## Action item
From the line containing "淡いブルーのケーブル編みが可愛らしいカーディガン♡" through the end of the material below, output each line exactly as written, with pictures excluded.

• • •

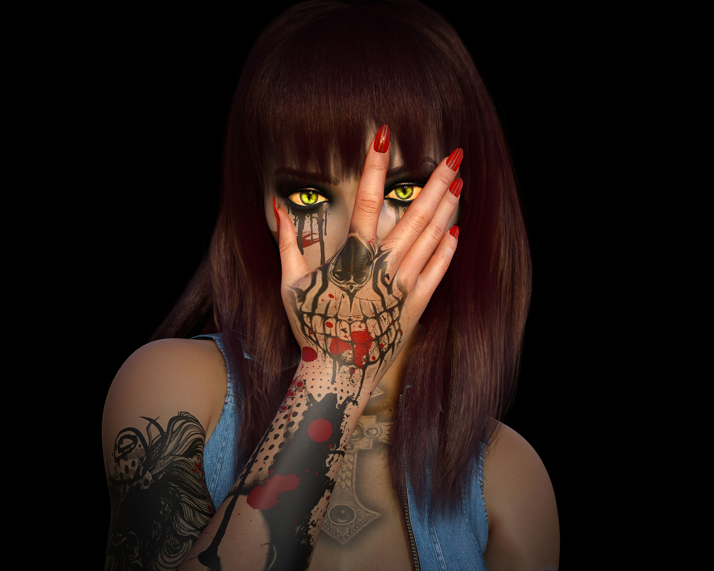 Das Tattoo auf ihrer Hand wird zum Teil ihres Gesichtes. Das hast du klasse hinbekommen.
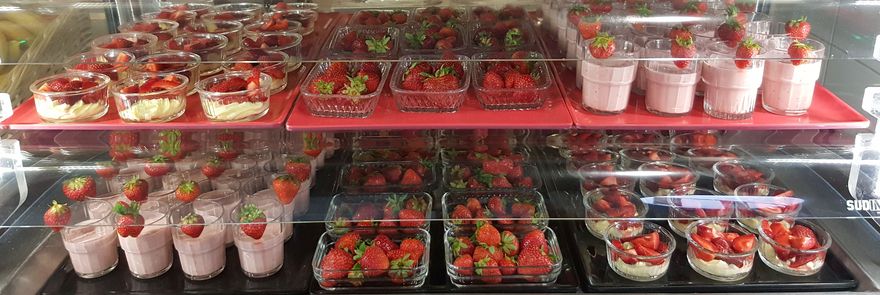 Quelle belle initiative ! Notre chef Bruno avait prévu pour le mardi 12 juin une animation particulièrement appréciée des jeunes : des desserts avec comme thème la fraise d'Alsace. Voici un petit aperçu des gourmandises que les convives ont pu déguster ce jour-là...
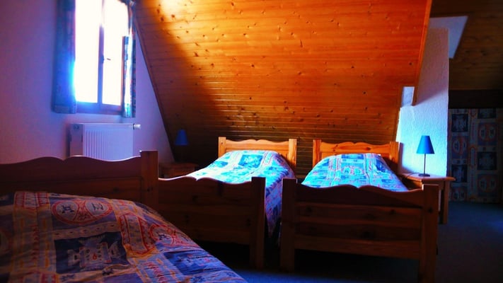 1 chambre équipée de 3 Lits simples avec SDB privative équipée WC et douche. Fenêtre exposition N/Ouest vue village.
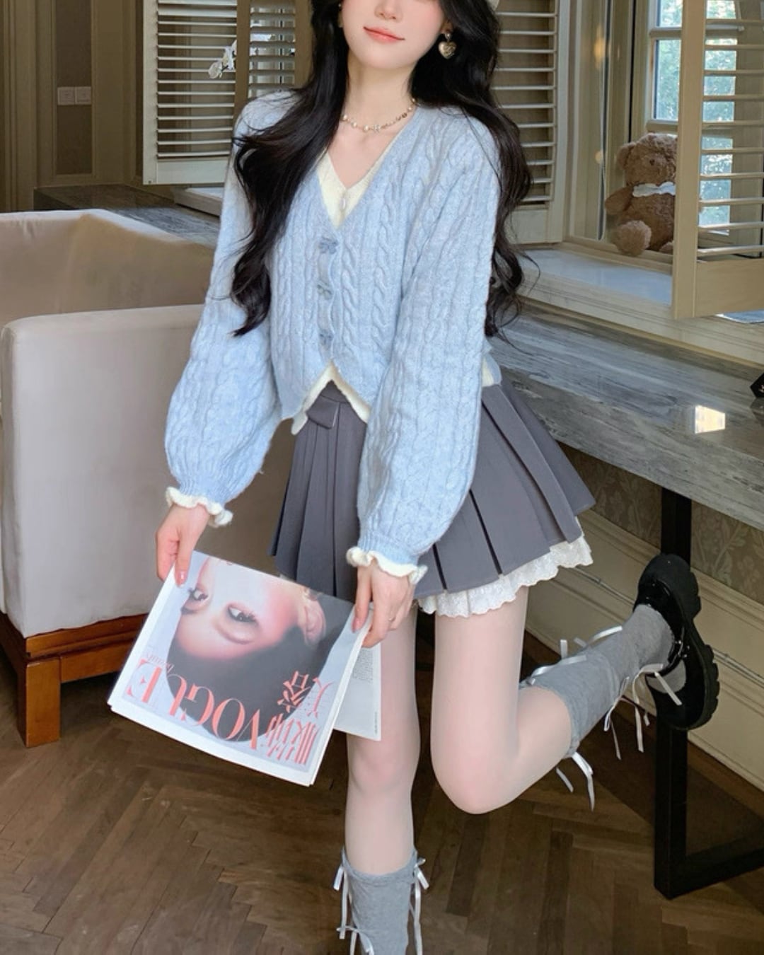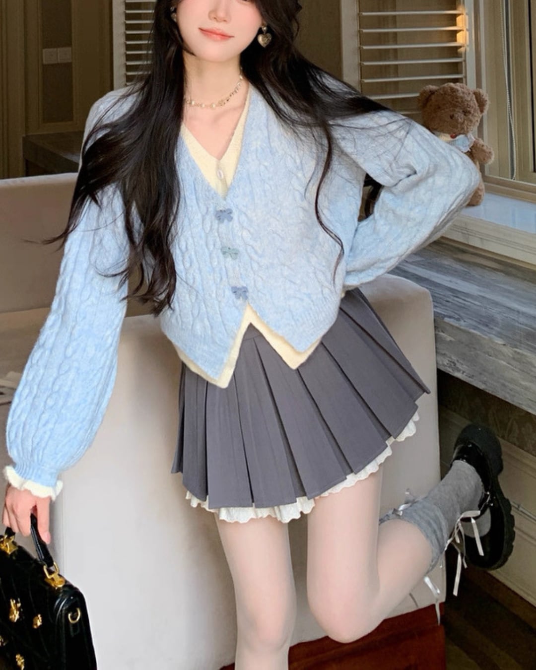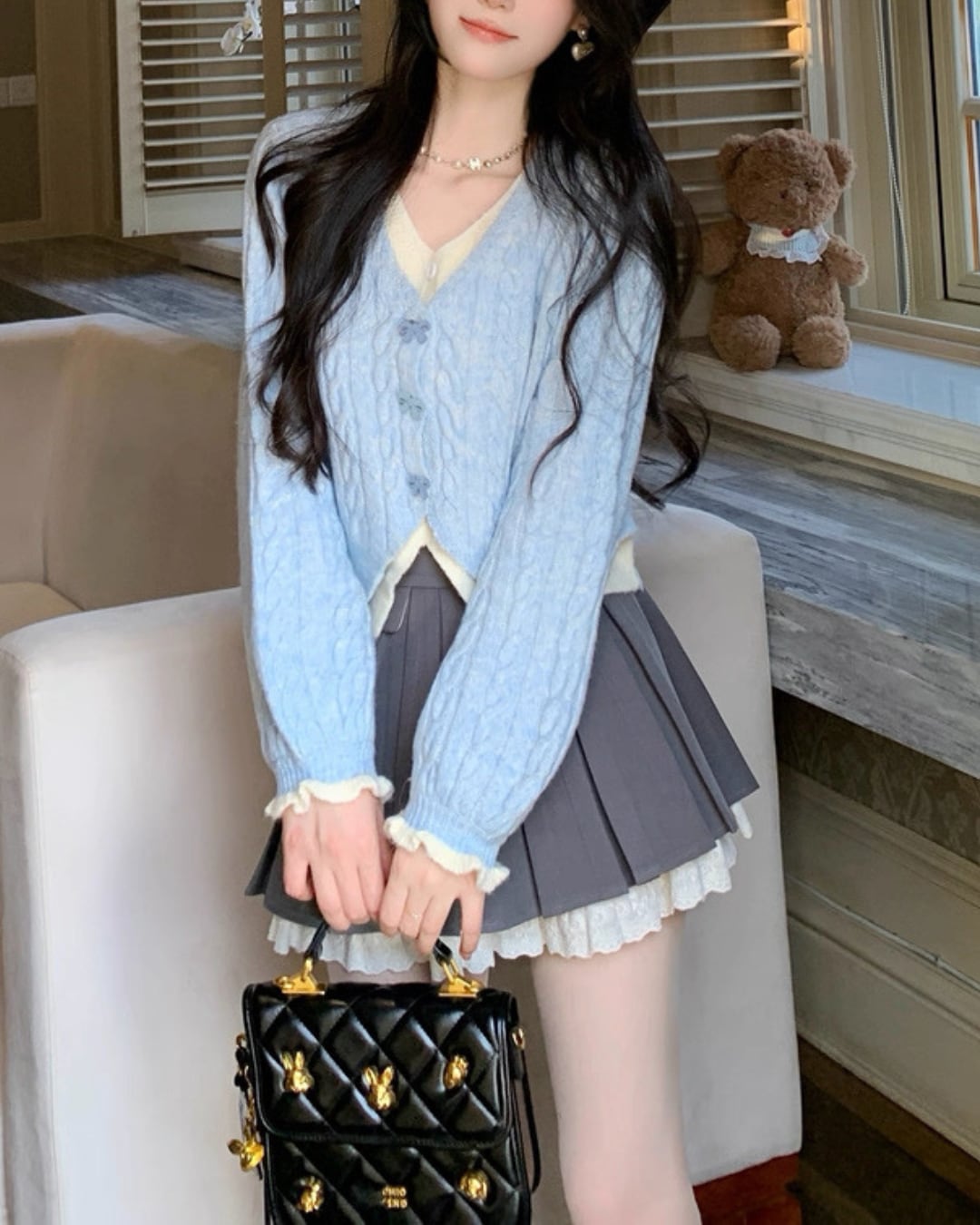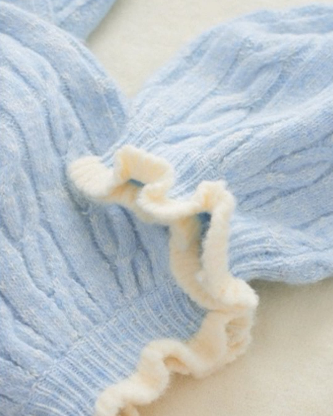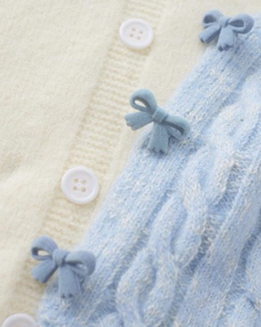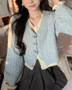 淡いブルーのケーブル編みが可愛らしいカーディガン♡
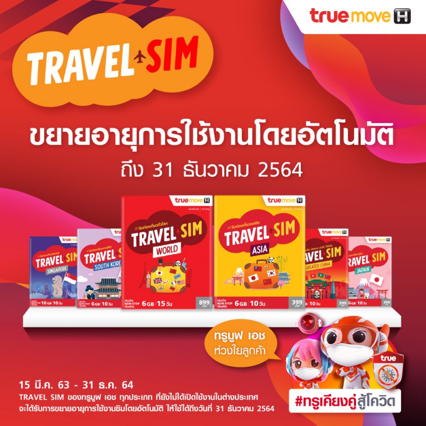 เนื่องจากสถานการณ์การเเพร่ระบาดของไวรัสโควิด-19 (COVID-19) ในขณะนี้ ซึ่งส่งผลกระทบต่อการเดินทางไปต่างประเทศ ทรูมูฟ เอช พร้อมขยายเวลาการใช้งาน TRAVEL SIM ของทรูมูฟ เอช ทุกประเภท ถึง 31 ธันวาคม 2564 ได้แก่ ซิมท่องเที่ยวเอเชีย TRAVEL SIM ASIA ซิมท่องเที่ยวทั่วโลก TRAVEL SIM WORLD ซิมท่องเที่ยวจีน ฮ่องกง ไต้หวัน มาเก๊า TRAVEL SIM GREATER CHINA ซิมท่องเที่ยวญี่ปุ่น TRAVEL SIM JAPAN ซิมท่องเที่ยวเกาหลีใต้ TRAVEL SIM SOUTH KOREA ซิมท่องเที่ยวสิงคโปร์ TRAVEL SIM SINGAPORE ที่ซื้อจากทุกช่องทาง และที่ยังไม่ได้เปิดใช้งานในต่างประเทศ จะได้รับการขยายเวลาการใช้งานซิมโดยอัตโนมัติ สอบถามรายละเอียดเพิ่มเติมได้ที่ทรูคอลล์เซ็นเตอร์1242 หรือ https://truemoveh.truecorp.co.th/international_service/travelling_abroad/travelsim

• • •

## Answer space
 淡いブルーのケーブル編みが可愛らしいカーディガン♡
 เนื่องจากสถานการณ์การเเพร่ระบาดของไวรัสโควิด-19 (COVID-19) ในขณะนี้ ซึ่งส่งผลกระทบต่อการเดินทางไปต่างประเทศ ทรูมูฟ เอช พร้อมขยายเวลาการใช้งาน TRAVEL SIM ของทรูมูฟ เอช ทุกประเภท ถึง 31 ธันวาคม 2564 ได้แก่ ซิมท่องเที่ยวเอเชีย TRAVEL SIM ASIA ซิมท่องเที่ยวทั่วโลก TRAVEL SIM WORLD ซิมท่องเที่ยวจีน ฮ่องกง ไต้หวัน มาเก๊า TRAVEL SIM GREATER CHINA ซิมท่องเที่ยวญี่ปุ่น TRAVEL SIM JAPAN ซิมท่องเที่ยวเกาหลีใต้ TRAVEL SIM SOUTH KOREA ซิมท่องเที่ยวสิงคโปร์ TRAVEL SIM SINGAPORE ที่ซื้อจากทุกช่องทาง และที่ยังไม่ได้เปิดใช้งานในต่างประเทศ จะได้รับการขยายเวลาการใช้งานซิมโดยอัตโนมัติ สอบถามรายละเอียดเพิ่มเติมได้ที่ทรูคอลล์เซ็นเตอร์1242 หรือ https://truemoveh.truecorp.co.th/international_service/travelling_abroad/travelsim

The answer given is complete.